Beberapa penelitian mengemukakan bahwa terdapat hubungan positif antara
Person Organization Fit dengan kinerja yang merupakan employee outcomes
(Tepeci, 2001; Miller, 2001; Bishop, 2000; Wayne et. al., 1997)
Scheineder (1988) mengemukakan bahwa individu tertarik dan merasa
nyaman berada di organisasi dikarenakan adanya kesamaan karakteristik diantara
keduanya. Meglino, (1989) mengemukakan bahwa individu yang mempunyai nilainilai yang sama dengan organisasi, maka mereka akan mudah berinteraksi secara
efisien dengan sistem nilai organisasi, mengurangi ketidakpastian, dan konflik serta
meningkatkan kepuasan dan komitmen serta meningkatkan kinerja. Hasil dari
beberapa penelitian dengan memakai kesamaan nilai yang dirasakan (congruency)
dengan budaya organisasi yang dirasakan sangat jelas mengindikasikan bahwa kesamaan yang dirasakan berhubungan positif dengan outcomes affective seperti
kepuasan, komitmen dan keterlibatan (Cable & Judge, 1996; Chaw et al., 1994).
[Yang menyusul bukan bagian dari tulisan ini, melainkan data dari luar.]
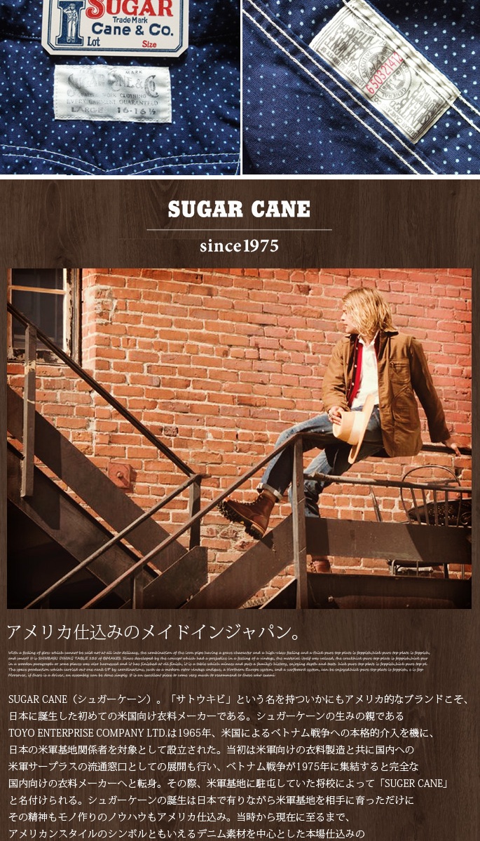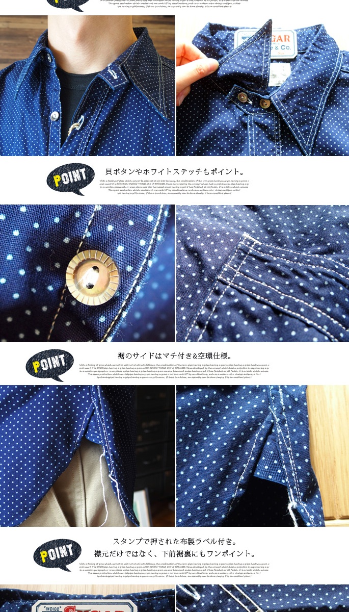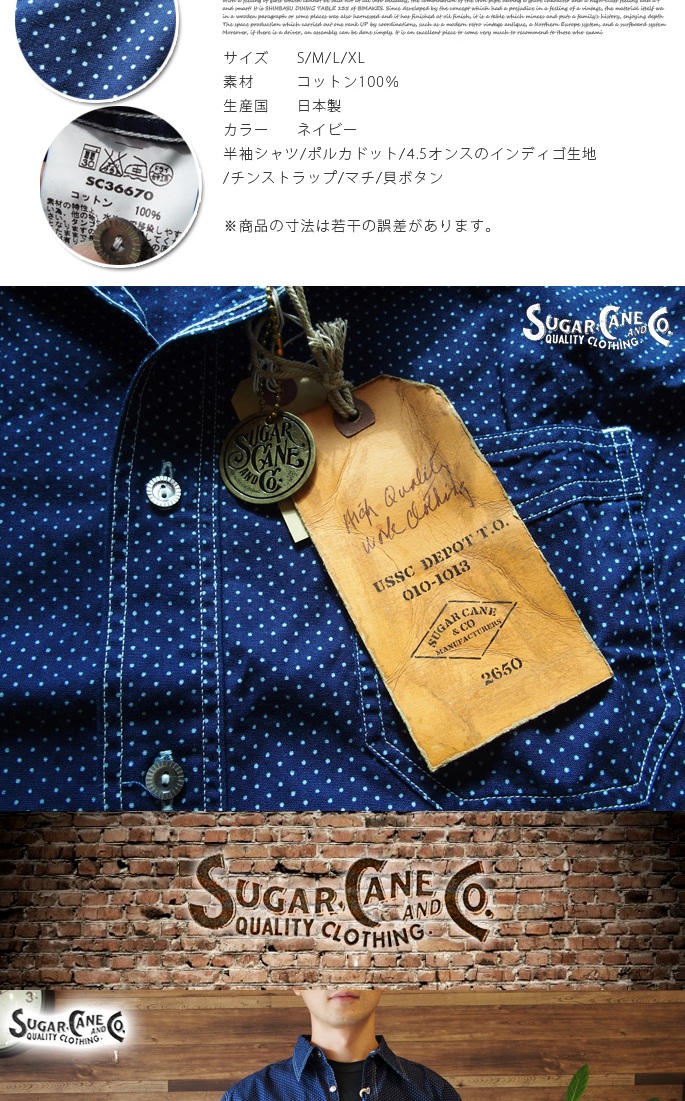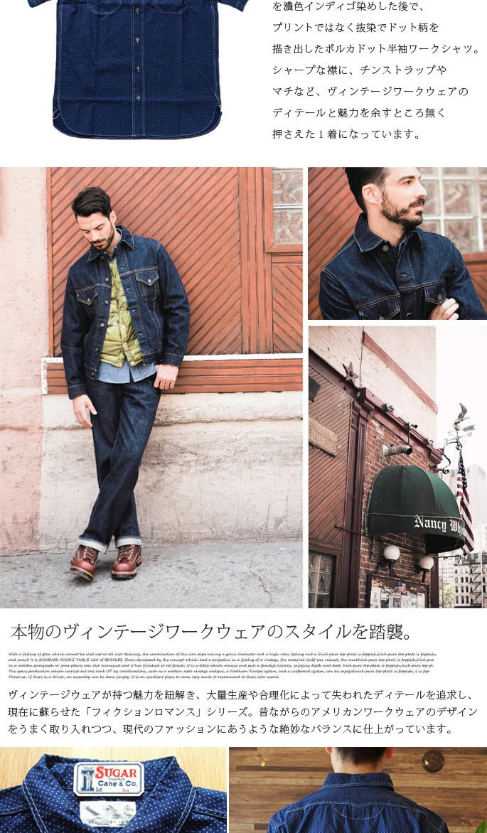 「SUGAR CANE」のハイクオリティーシリーズ「FICTION ROMANCE」の4.5oz POLKA DOT S/S WORK SHIRTは、生地はヴィンテージ市場でも希少なポルカドット生地を採用し、インディゴ染めされた生地に抜染プリントを施し、ドット柄を表現したクラシカルな雰囲気です。デザインはワークウエアに見られる特徴的なディテールを採用し、シャープな形状が特徴的な襟には綺麗な曲線を描くチンストラップが付き、胸ポケットは同生地にてポケット口を補強し、ボタンには猫目シェルボタンを採用。また、背面はゆるやかな曲線のウエスタンヨークデザイン、その他、マチ付きの裾処理や布製ラベル、前立て裏に付けられたユニオンチケットなど、細部までこだわり抜いた仕様は、ヴィンテージ・ワークウェアのカテゴリーを愛するコアな洋服好きからも高い評価を得ております。
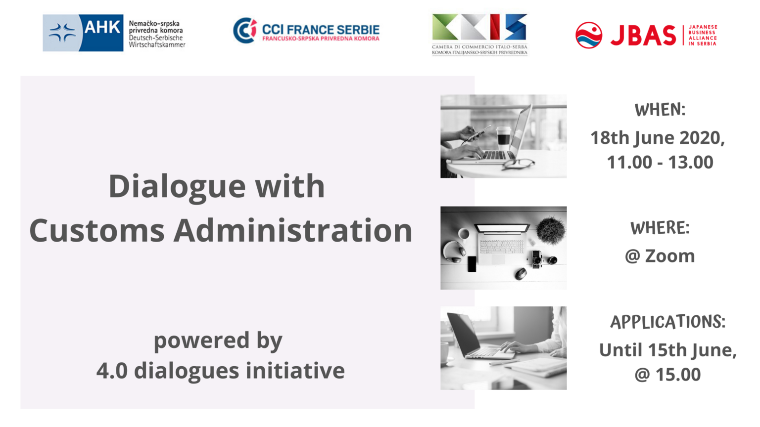 L'événement "Dialogue avec la Direction des douanes", sera organisé le jeudi 18 juin 2020, de 11h à 13h, via la plateforme Zoom. Nous organisons cet événement en coopération avec la Chambre de commerce italo-serbe (CCIS), l'Alliance d'affaires japonaise (JBAS) et la Chambre de commerce serbo-allemande (AHK) afin d'établir un dialogue continu entre les entreprises et les institutions officielles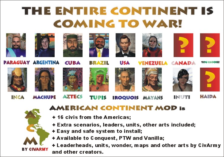This is the American Continent Mod (A.C.M.), these two images show the civis and some units, all them from the Americas (North, Meso and South).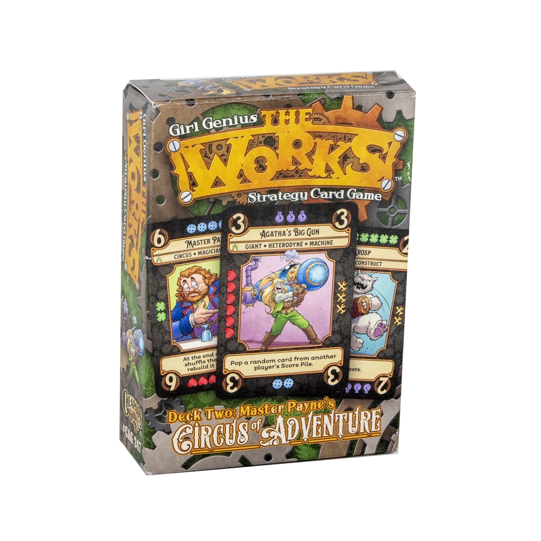 Girl Genius: The Works is a non-collectible card game that consists of several standalone decks of cards. You can play the game with any one of those decks, while also being able to combine some or all of those decks into a single deck for a longer game or a game with more players. Each deck contains many unique cards, but the gameplay is the same in all cases.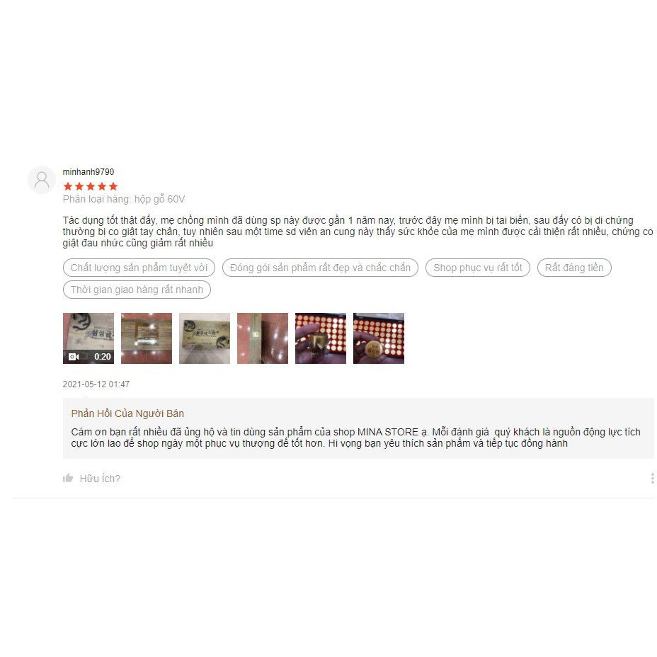 ✔LỜI HỨA CỦA MINA STORE - BÁN HÀNG VÌ CHỮ TÂM!!! - Mina Store là cửa hàng chuyên kinh doanh, nhập khẩu mỹ phẩm từ các nước Hàn Quốc, Pháp, US, Trung Quốc đã được cấp giấy phép lưu hành. - Uy tín được đảm bảo qua chính sách sẵn sàng trả hàng, hòan hàng nếu khách hàng chứng minh được hàng tại Mina là fake. - Là khách hàng, bạn sẽ được: 👉 Cam kết chất lượng hàng chính hãng. 👉 Hoàn tiền 200% nếu phát hiện hàng Fake. 👉 Cam kết được đổi trả hàng trong vòng 7 ngày. 👉 Được tư vấn về da và sản phẩm phù hợp 24/24. ----------------------------------------------------------------------------- CAM KẾT - Hàng Chính Hãng, Giá Cạnh Tranh Nhất - Hoàn Tiền 100% Nếu SP Ko Đúng Mô Tả ----------------------------------------------------------------------------------- Bổ Não, An Cung Hộp Gỗ Samsung GumJeeHwan Hàn Quốc Xuất xứ : Korea Hàn Quốc Quy cách : Hộp 60 viên x 3,75gr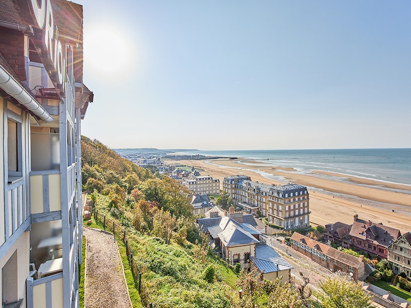 De locatie van de residentie is adembenemend, gelegen op een heuvel met ononderbroken uitzicht op de zee en de Côte Fleurie, omringd door serene, rustige landschappen. Les Tamaris, dicht bij Trouville, heeft een Normandische architectuur met pastelkleurige gevelbekleding, omgeven door een grote privétuin. Binnen zijn de studio’s van 25 m² ontworpen voor comfort, met een volledig uitgeruste kitchenette die uitkomt op de woonkamer. Elk appartement heeft een eigen balkon, perfect om te zonnebaden of te dineren met uitzicht, en sommige bieden zelfs direct uitzicht op zee.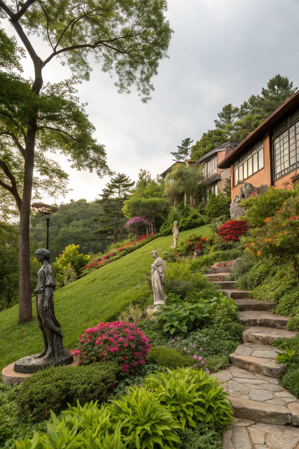 Sprinkle artistic sculptures or displays on your slope for a hint of whimsy and personal flair. These items can turn into focal points within the garden.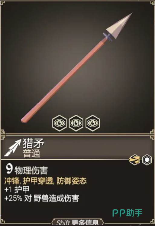 长矛武器方面,非常推荐各位玩家们选用猎矛作为开始的初始武器。尽管基础伤害方面较低,但是额外拥有着护甲穿透冲锋和防御姿态的效果,并且护甲加一,对野外野兽造成额外25%的伤害。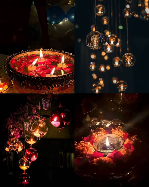 Leading up to the Diwali celebration, people shop for their families, prepare food and desserts, and decorate their houses. Some popular foods include chirote, karanji, and samos. Decorations consist of firecrackers, fairy lights, candles and diyas.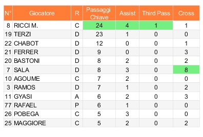 Non a caso sono proprio i centrali difensivi ed il vertice basso del centrocampo i giocatori ad aver effettuato il maggior numero di passaggi chiave dell’intera squadra.

Penelitian Kristof (1996) secara empiris membuktikan adanya pengaruh
positif Person Organization Fit dengan komitmen organisasional, sedangkan
Sheridan (1992) menyimpulkan bahwa Person-Organization Fit (P-O Fit) akan
meningkatkan koordinasi, komunikasi dan sense of belonging.
Chaw et al., (2000) menghipotesiskan bahwa semakin tinggi kesesuaian
antara individu dengan Person Organization Fit (P-O Fit) akan semakin tinggi
komitmen organisasi, kepuasan kerja dan kecenderungan untuk tetap bertahan.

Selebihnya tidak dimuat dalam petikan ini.